Your objective: When you have gone through the entries below, state how many lines include the word "another" and write nothing else.

Records for this task:
═══
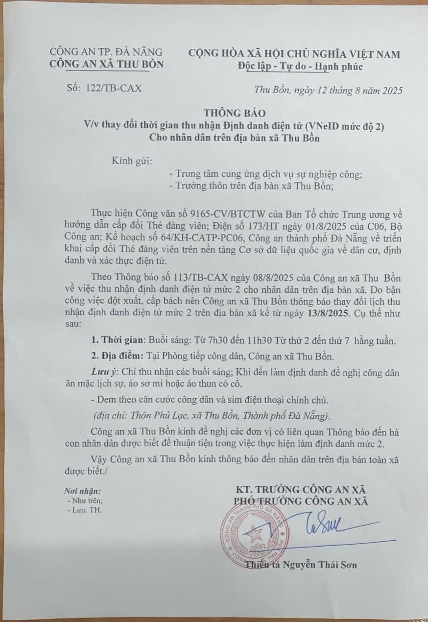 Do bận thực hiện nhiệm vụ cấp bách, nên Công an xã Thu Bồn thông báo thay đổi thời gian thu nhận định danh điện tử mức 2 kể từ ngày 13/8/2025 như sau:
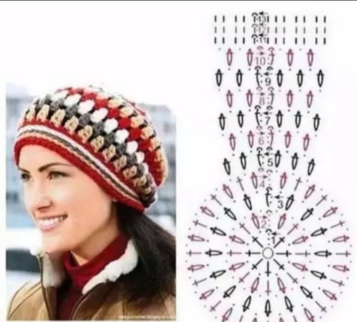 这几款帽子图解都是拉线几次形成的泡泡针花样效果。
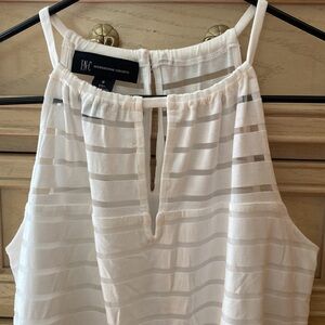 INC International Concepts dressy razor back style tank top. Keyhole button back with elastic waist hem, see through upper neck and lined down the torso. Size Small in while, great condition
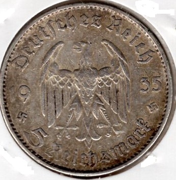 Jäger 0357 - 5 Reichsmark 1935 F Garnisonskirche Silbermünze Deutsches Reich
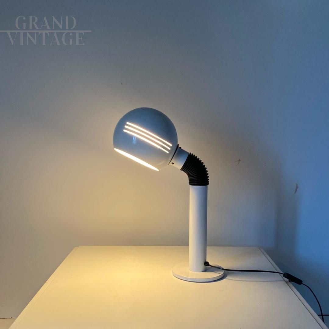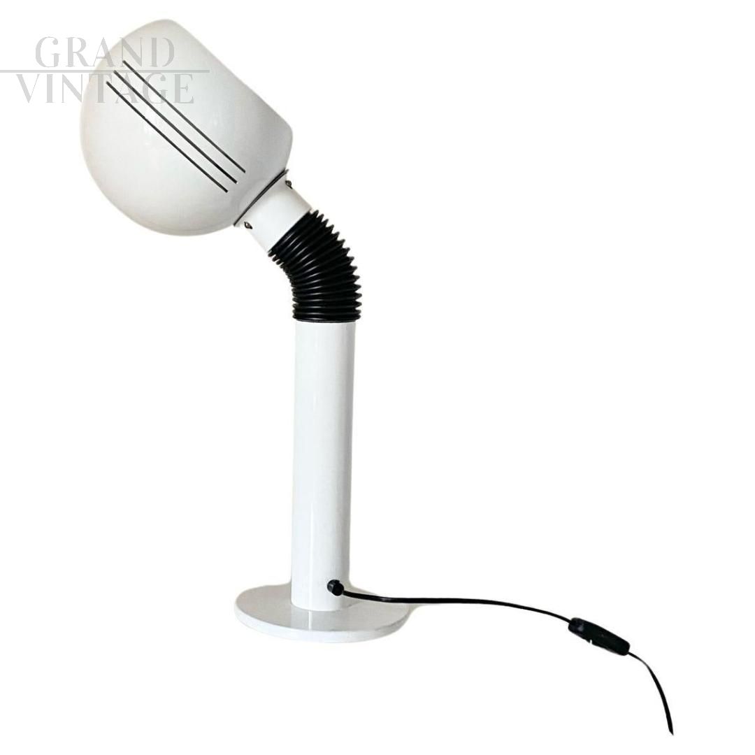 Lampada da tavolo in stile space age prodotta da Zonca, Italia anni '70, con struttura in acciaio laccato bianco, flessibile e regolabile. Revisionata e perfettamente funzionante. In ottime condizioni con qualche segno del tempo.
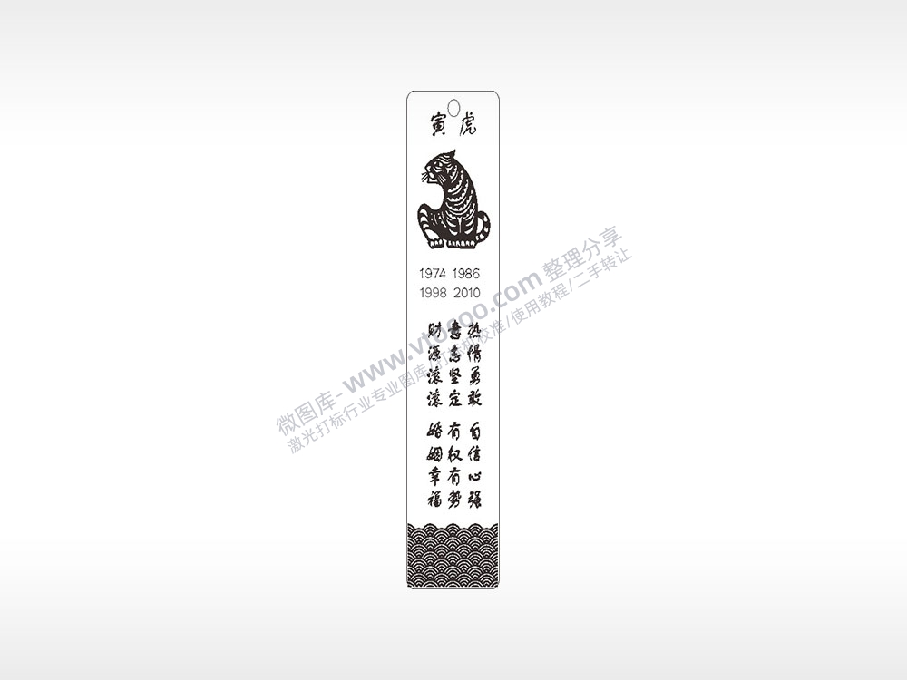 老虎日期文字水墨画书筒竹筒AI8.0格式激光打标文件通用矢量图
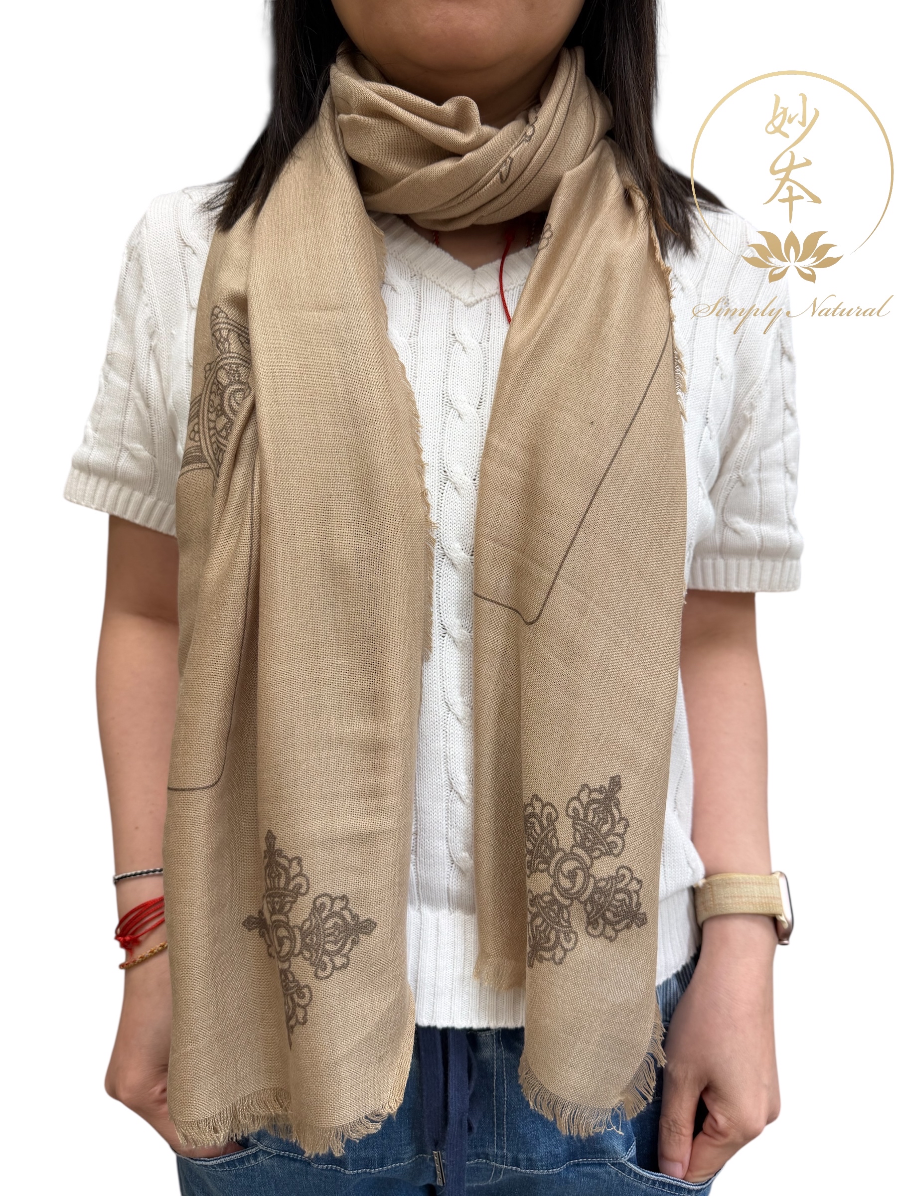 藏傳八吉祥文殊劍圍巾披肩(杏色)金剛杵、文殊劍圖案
═══
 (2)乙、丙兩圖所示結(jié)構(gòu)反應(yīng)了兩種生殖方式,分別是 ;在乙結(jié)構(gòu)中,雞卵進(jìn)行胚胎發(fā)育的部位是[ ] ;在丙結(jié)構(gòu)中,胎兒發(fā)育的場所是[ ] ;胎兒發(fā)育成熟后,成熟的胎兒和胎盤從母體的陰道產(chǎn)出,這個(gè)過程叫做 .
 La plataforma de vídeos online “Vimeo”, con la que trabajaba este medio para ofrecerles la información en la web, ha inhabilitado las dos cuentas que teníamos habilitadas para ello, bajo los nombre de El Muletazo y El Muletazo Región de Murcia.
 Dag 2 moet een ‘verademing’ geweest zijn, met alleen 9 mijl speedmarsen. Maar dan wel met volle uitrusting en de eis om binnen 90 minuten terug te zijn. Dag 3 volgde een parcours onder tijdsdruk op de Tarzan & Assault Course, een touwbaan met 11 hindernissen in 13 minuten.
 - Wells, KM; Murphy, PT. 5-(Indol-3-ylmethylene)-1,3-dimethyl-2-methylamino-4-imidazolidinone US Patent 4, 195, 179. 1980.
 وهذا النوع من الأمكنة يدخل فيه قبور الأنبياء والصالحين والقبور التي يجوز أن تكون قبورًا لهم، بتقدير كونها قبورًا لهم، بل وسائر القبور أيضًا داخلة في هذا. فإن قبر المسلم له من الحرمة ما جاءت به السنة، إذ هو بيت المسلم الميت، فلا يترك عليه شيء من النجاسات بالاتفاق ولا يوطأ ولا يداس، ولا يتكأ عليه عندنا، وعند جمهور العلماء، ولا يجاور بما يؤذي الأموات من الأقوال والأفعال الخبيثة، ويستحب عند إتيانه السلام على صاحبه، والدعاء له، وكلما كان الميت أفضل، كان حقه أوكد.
═══
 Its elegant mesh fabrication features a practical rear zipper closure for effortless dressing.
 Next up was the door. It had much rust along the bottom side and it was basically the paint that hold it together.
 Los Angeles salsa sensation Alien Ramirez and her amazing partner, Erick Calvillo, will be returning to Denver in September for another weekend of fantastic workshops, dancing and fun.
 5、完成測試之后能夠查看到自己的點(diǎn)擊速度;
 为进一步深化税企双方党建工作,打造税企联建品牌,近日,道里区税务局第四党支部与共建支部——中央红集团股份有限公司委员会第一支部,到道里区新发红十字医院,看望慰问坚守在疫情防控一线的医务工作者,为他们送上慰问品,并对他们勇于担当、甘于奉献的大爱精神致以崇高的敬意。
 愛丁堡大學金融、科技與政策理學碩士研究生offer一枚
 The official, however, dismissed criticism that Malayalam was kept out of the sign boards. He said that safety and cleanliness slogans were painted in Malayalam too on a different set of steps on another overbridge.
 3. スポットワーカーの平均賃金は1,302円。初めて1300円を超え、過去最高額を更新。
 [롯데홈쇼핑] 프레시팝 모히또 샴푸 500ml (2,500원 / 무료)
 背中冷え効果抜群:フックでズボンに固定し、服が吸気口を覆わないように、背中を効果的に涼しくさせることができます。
═══
Task response: 2